The increase in GTCO’s personnel costs may be traced to the 40 per cent increase in staff salaries introduced in response to the high cost of living, according to TechCabal.

For Access Holdings Plc, the highest number of employees (2,928 out of 9,820) earned N17,950,001–N21,940,000 per annum, followed by 2,118 employees who got between N11,360,001 and N14,950,000, then 1,994 employees, who earned N7,489,001–N8,760,000. The group didn’t have anyone earning less than N900,000. The lowest earners at Access Holdings were 30 employees, and they were paid N900,001–N1,990,000 a year.

Personnel costs rose by 44.29 per cent to N229.21bn, just as the number of employees also increased to 9,820 from 8,009 as of June 2024. Compensation for key management personnel declined to N655m from N765m in June 2024.

Stanbic IBTC Holdings Plc, which has the lowest number of employees as of June 2025 (3,304) of the five reviewed financial groups, didn’t have any employee earning below N3m.

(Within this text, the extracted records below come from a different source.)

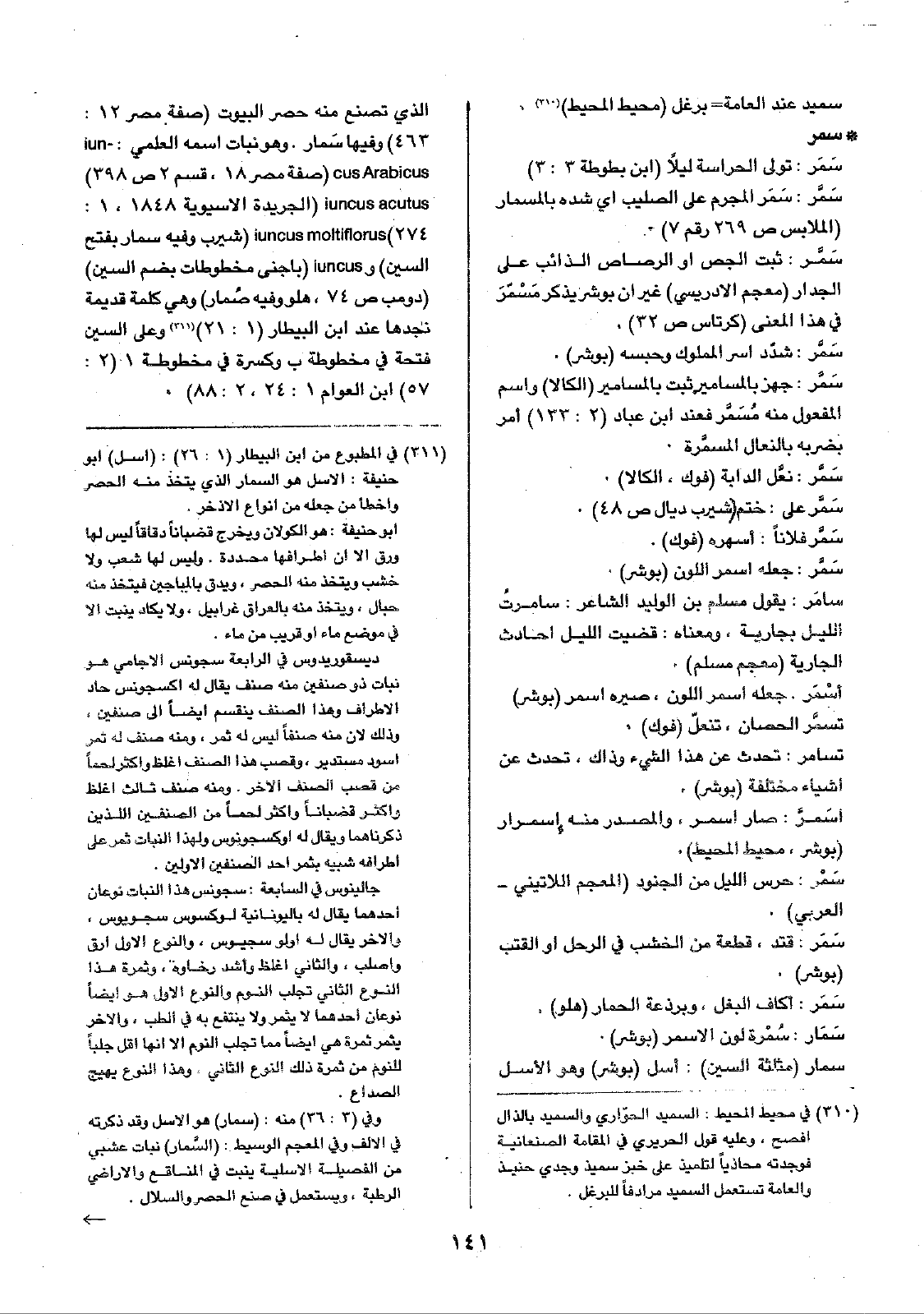 سمار (مثلثة السين): أسل (بوشر) وهو الأسل الذي تصنع منه حصر البيوت (صفة مصر 12: 463) وفيها سَمار. وهو نبات اسمه العلمي: iuncus Arabicus ( صفة مصر 18، قسم 2 ص398) iuncus acutus ( الجريدة الآسيوية 1848، 1: 274) iuncus moltiflorus ( شيرب وفيه سمار بفتح السين) و iuncus ( باجني مخطوطات بضم السين) (دومب ص74، هلو وفيه صُمار) وهي كلمة قديمة نجدها عند ابن البيطار (1: 21) وعلى السين فتحة في مخطوطة ب وكسرة في مخطوطة 1 (2: 57) ابن العوام 1: 24، 2: 88).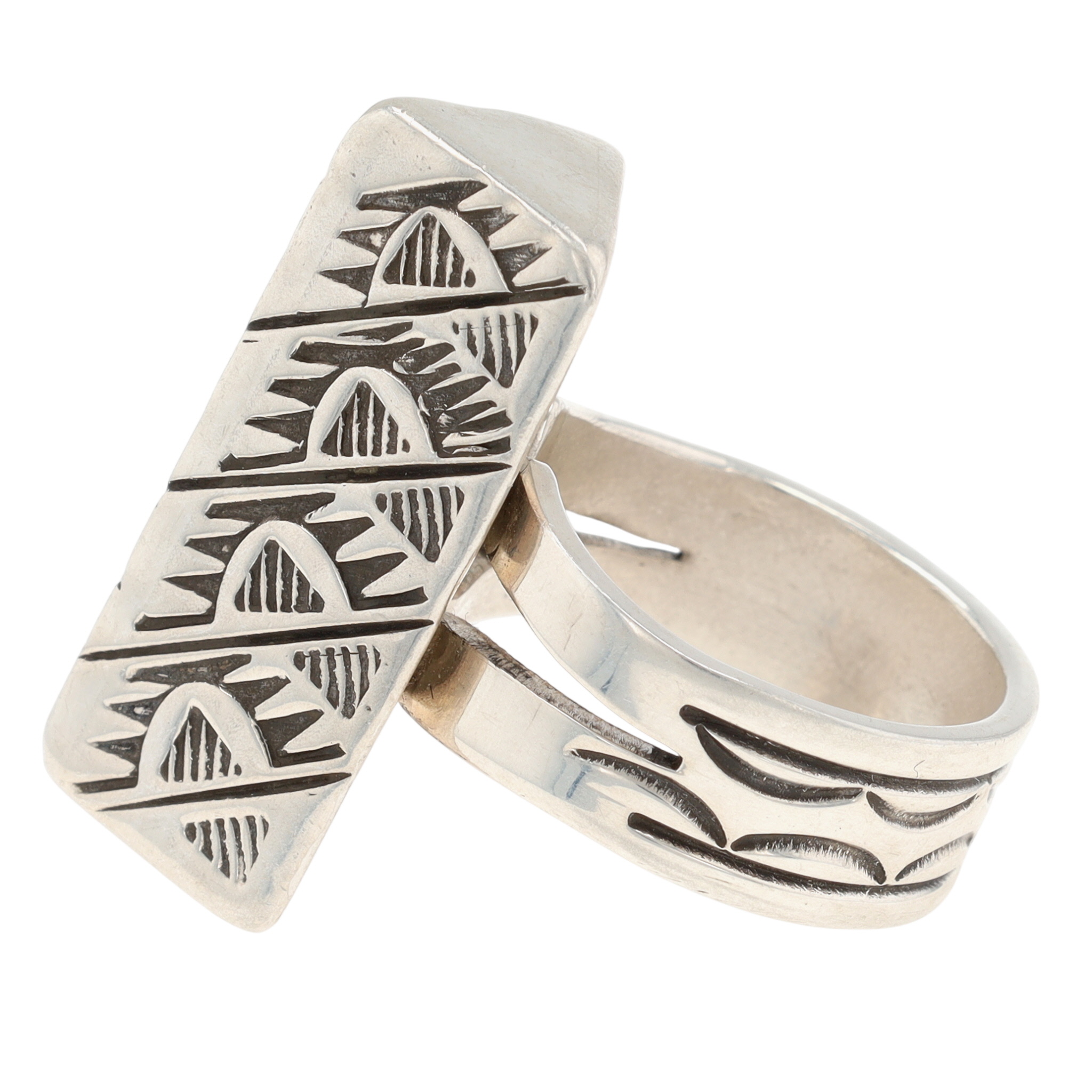 Landon Secatero Navajo Plain Sterling Silver Triangle Ring Sz. 9.5, 31g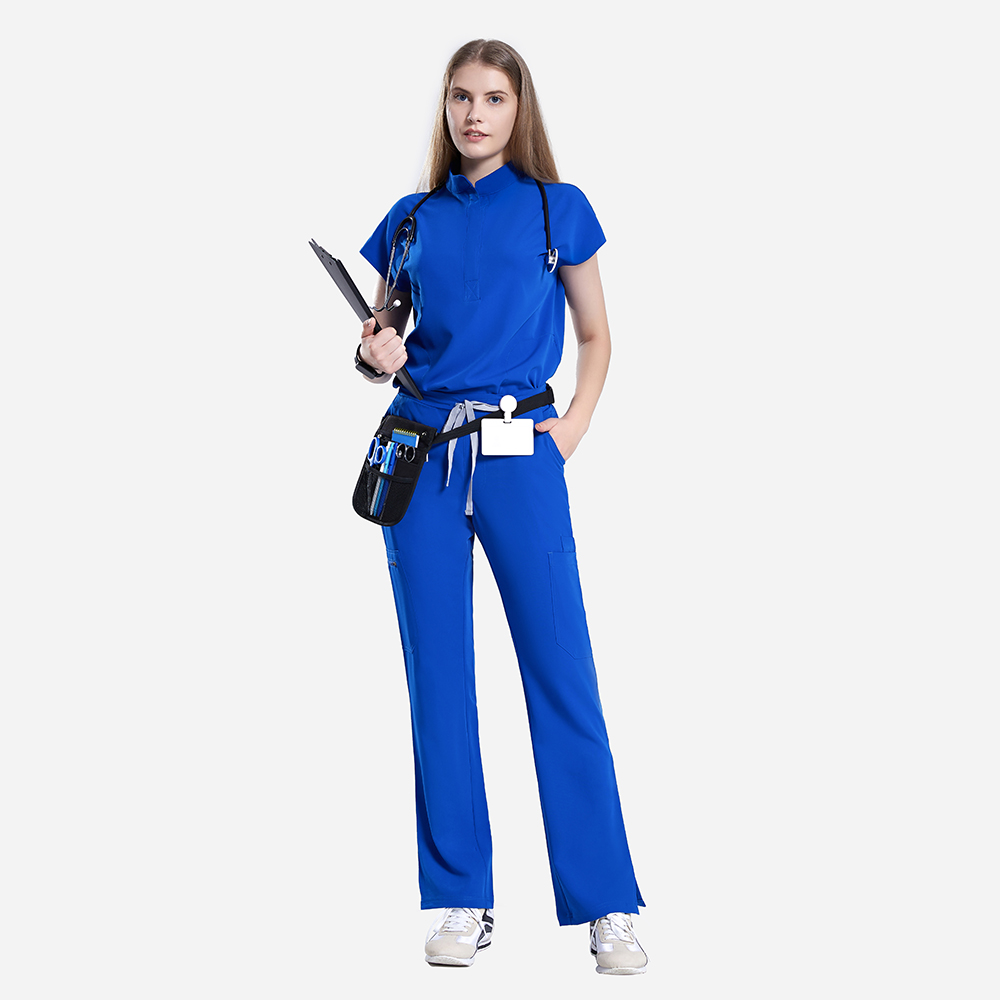 Furthermore, we offer OEM and ODM services, allowing our clients to customize their uniforms according to their specific requirements. Our experienced team works closely with customers to understand their needs and create personalized designs. So that we can deliver large orders promptly with our efficient supply chain, ensuring that healthcare facilities get the necessary Royal Blue Scrub Sets.

Its lowest-paid staff were seven as of June 2025, and they earned between N3,000,001 and N4,000,000. The majority of its employees (2,979) earned N6m and above annually.

Key management compensation comprising salaries and other short-term benefits, post-employment benefits and the value of share options and rights expensed stood at N2.87bn, down from N3.35bn in the corresponding period.

At UBA, compensation for employees (including executive directors) increased to N172.21bn from N133.86bn, indicating a 28.65 per cent rise in this expense line. The majority of UBA employees (5,001 out of 10,393) earned N9m and above, excluding pension contributions.

This was followed by 3,067 employees who earned N6,500,001–N7,800,000 annually. The lowest earners at UBA were 493 employees who got N300,001–N2,000,000, and there was a significant reduction in the number of employees in this category compared to last year, when it was 1,181.

UBA’s data tell a story of salary increases between last year and the current financial year.

Combined, these financial groups have expanded their workforce as of half-year 2025, driving personnel costs up by about 30.58 per cent compared to the previous year, from N493.19bn in June 2024 to N644.01bn in June 2025.

Combined staff strength across GTCO, Zenith Bank, UBA, Access Holdings, and Stanbic IBTC rose to 39,903 employees in 2025, up from 35,284 in 2024, marking a 13 per cent increase.

Access Bank led the pack with the highest personnel spend at N229.21bn, followed by UBA (N172.21bn) and Zenith Bank (N134.57bn). GTCO’s wage bill climbed to N54.39bn, while Stanbic IBTC posted N53.63bn.

Among the banks, Zenith Bank and Access Bank showed the steepest rise in headcount, expanding by 29 per cent and 23 per cent, respectively. GTCO maintained relative stability with a modest increase from 5,827 to 5,864 employees.

The growth in staff numbers and compensation underscores the sector’s ongoing expansion despite macroeconomic pressures.